Nobbled in Nicosia
After a week of brinkmanship, the politicians in Cyprus have blinked first and caved in to what the Eurozone proposed in the first place. Given the tiny amounts involved, the measures have been extraordinary and punitive - other, bigger states that operate the Euro have suffered pain but not in this way. Indeed, ironically, it was the Eurozone's approach to Greece that sparked the crisis in Cyprus, but the Eurozone hierarchy have no shame and maybe are trying to deflect attention away from their own incompetent piecemeal approach to the stabilising the Euro.
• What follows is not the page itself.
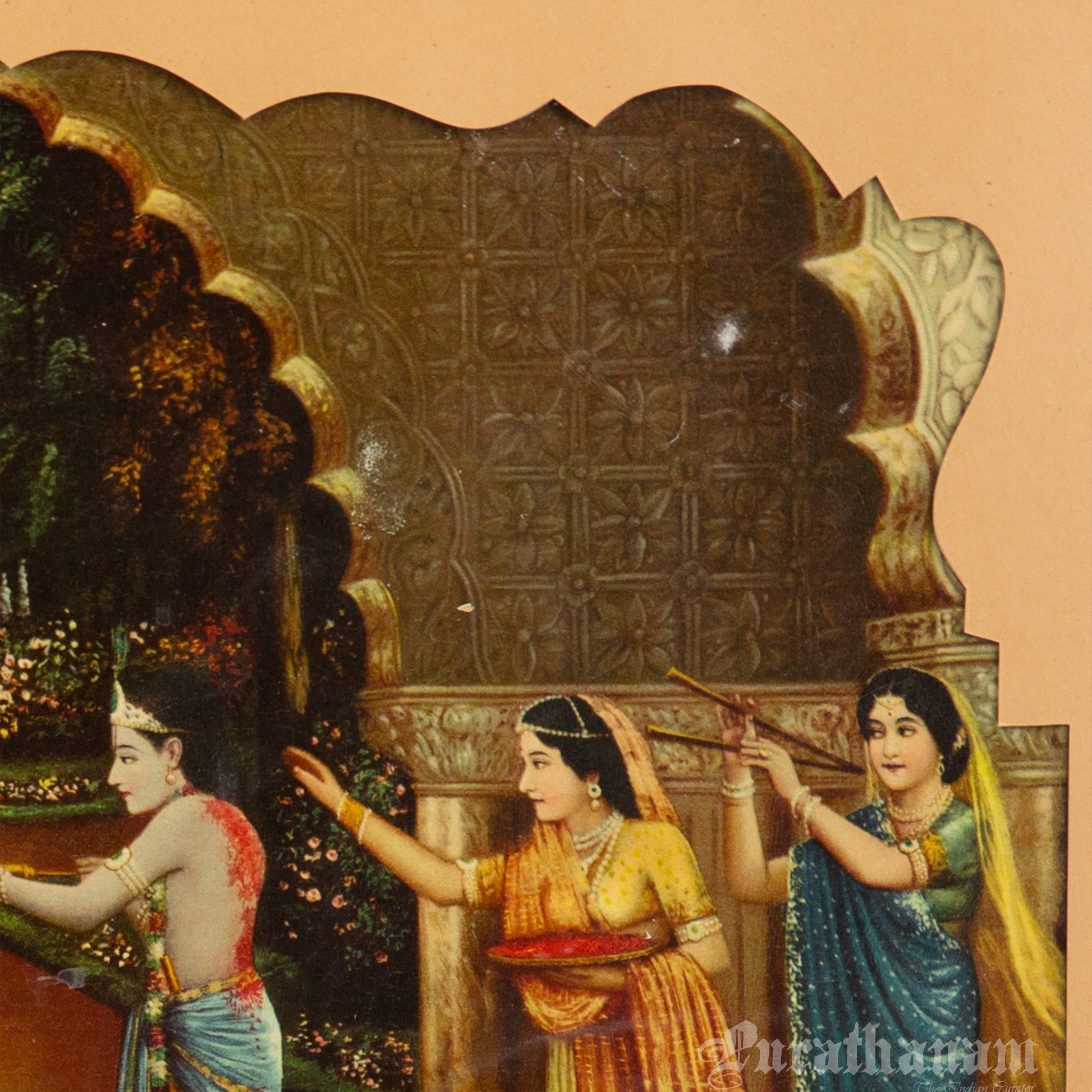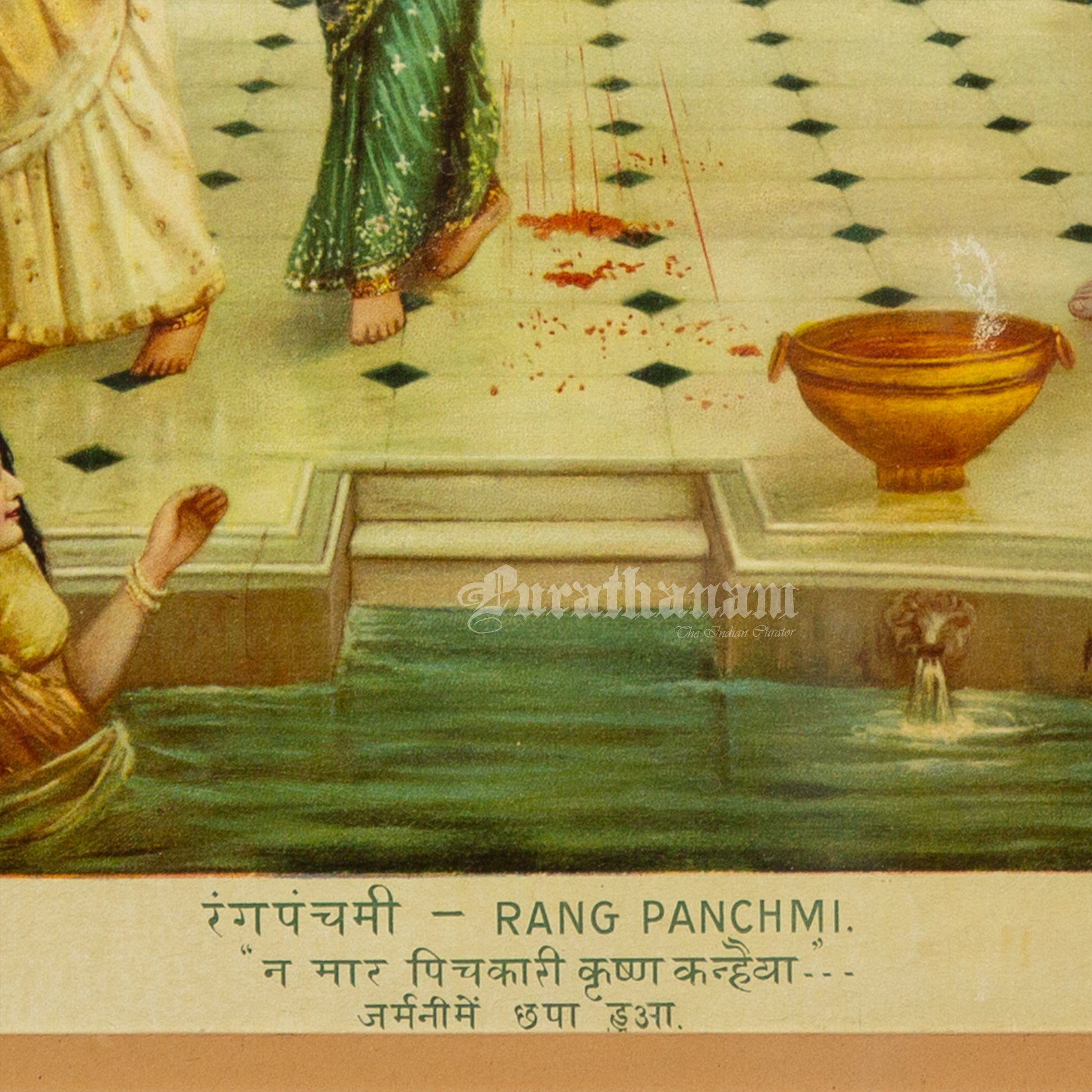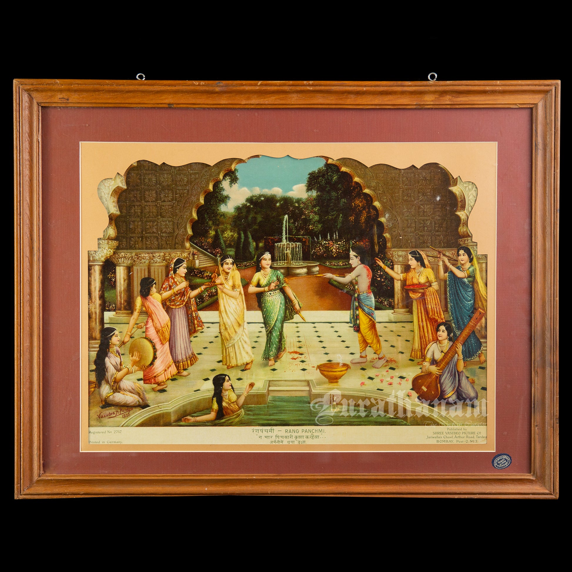This is an oleograph print from early 1900s of Rang Panchami by Vasudeo Hiralal Pandya an Indian painter.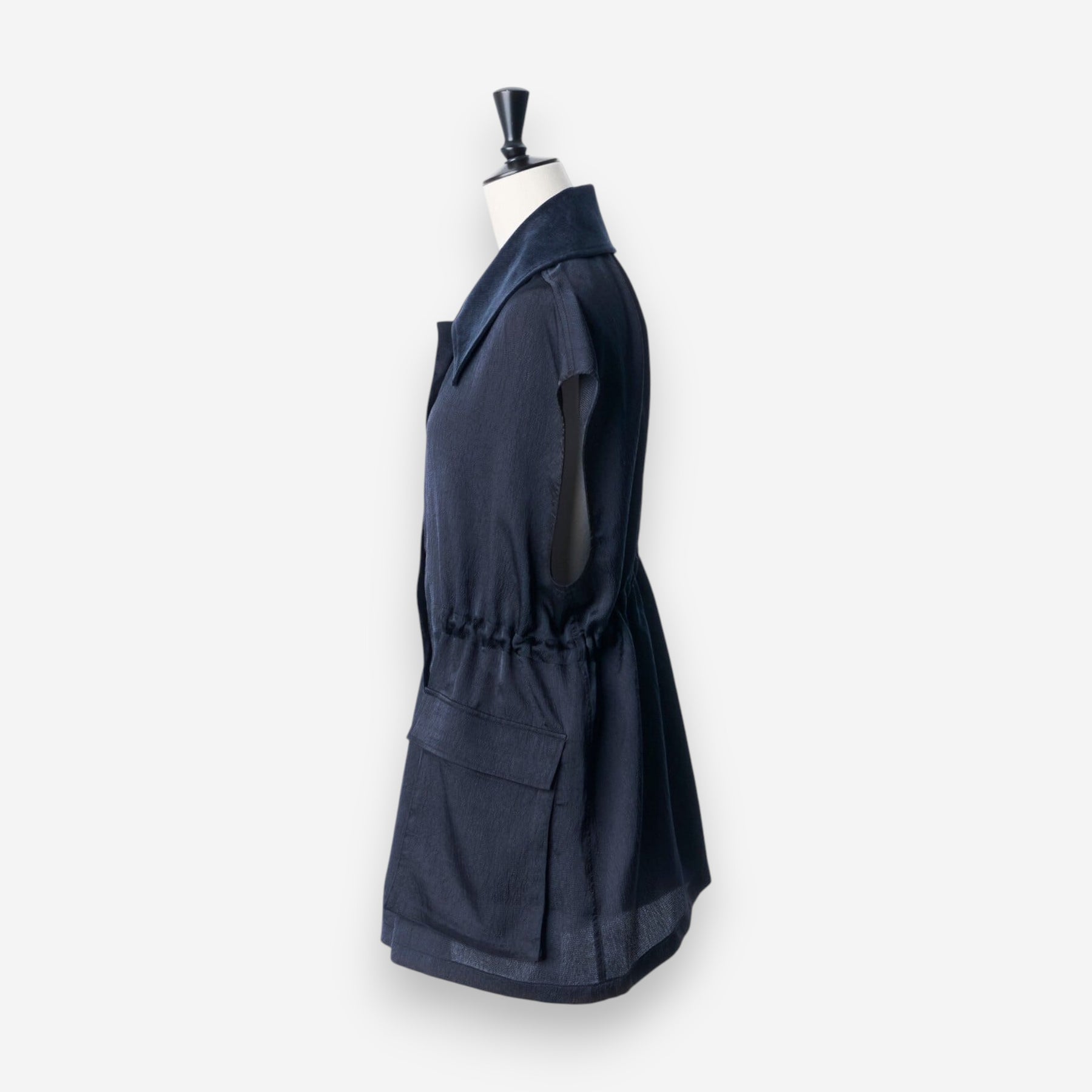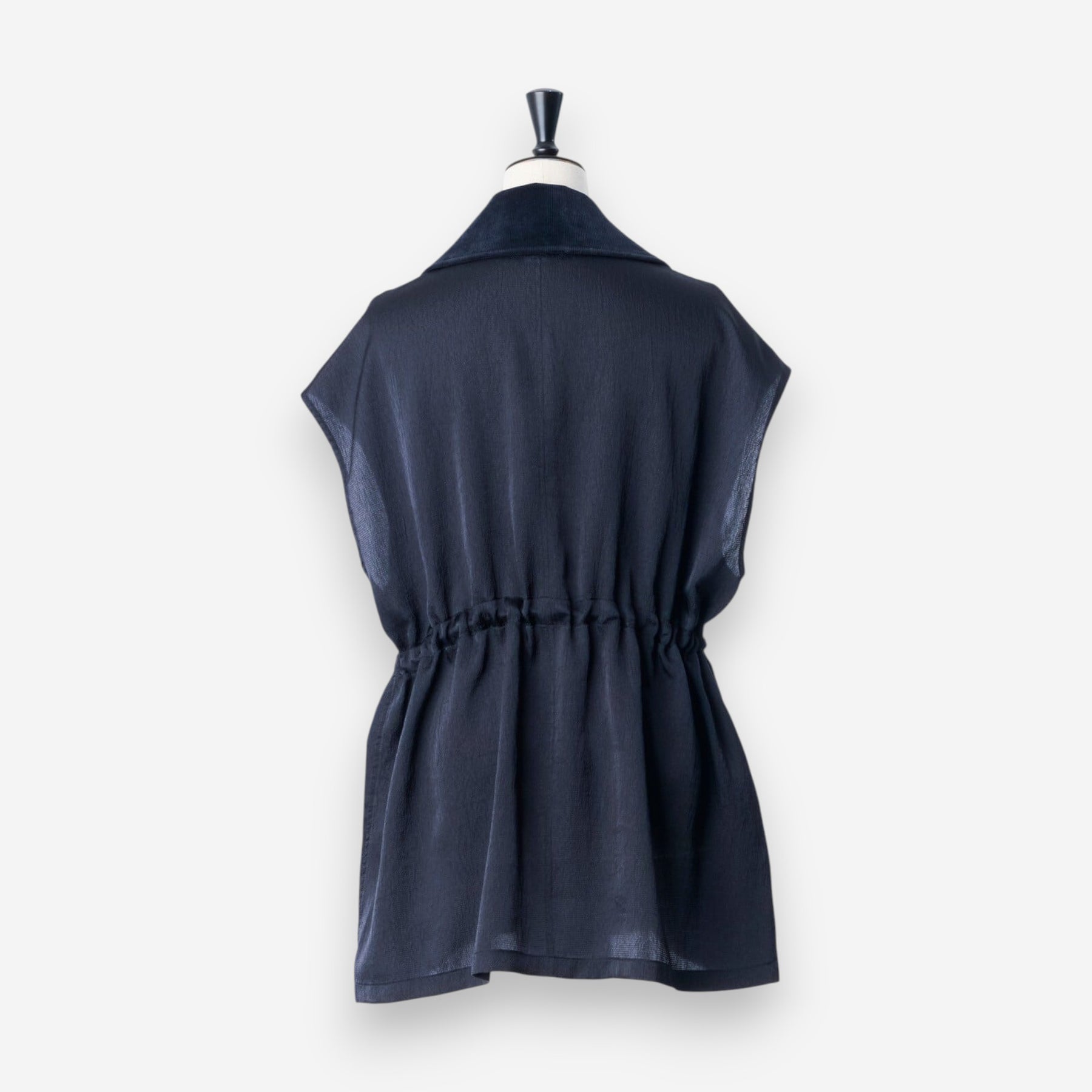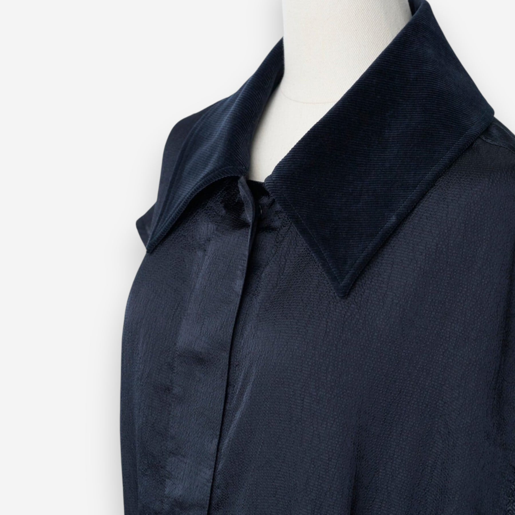 緞面光澤拼接領夾克上衣 - 海軍藍|IKITSUKE

A big chance has also been missed. When there was speculation about the fragility of the Cypriot economy - and so none of this should have come as a surprise - concurrent mutterings was that the Germans would take the opportunity to save Cyprus in return for the unification of the island (the Greek Cypriots voted against the Annan peace plan, even though the Turkish Cypriots voted in favour). But the hammerings of Greece, Ireland, Portugal, Spain and Italy has exhausted the patience of the Eurozone paymasters, especially Germany. Cyprus is suffering in this way almost for being slow in going bust. A great opportunity has been lost to achieve peace in this divided island. The internationally unrecognised (bar Turkey) Turkish Republic of Northern Cyprus is doing very well indeed, benefitting from the economic powerhouse that is its Turkish protector - they are far from finished in Famagusta. Despite bank accounts under €100,000 being protected the official Cyprus faces austerity-induced depression.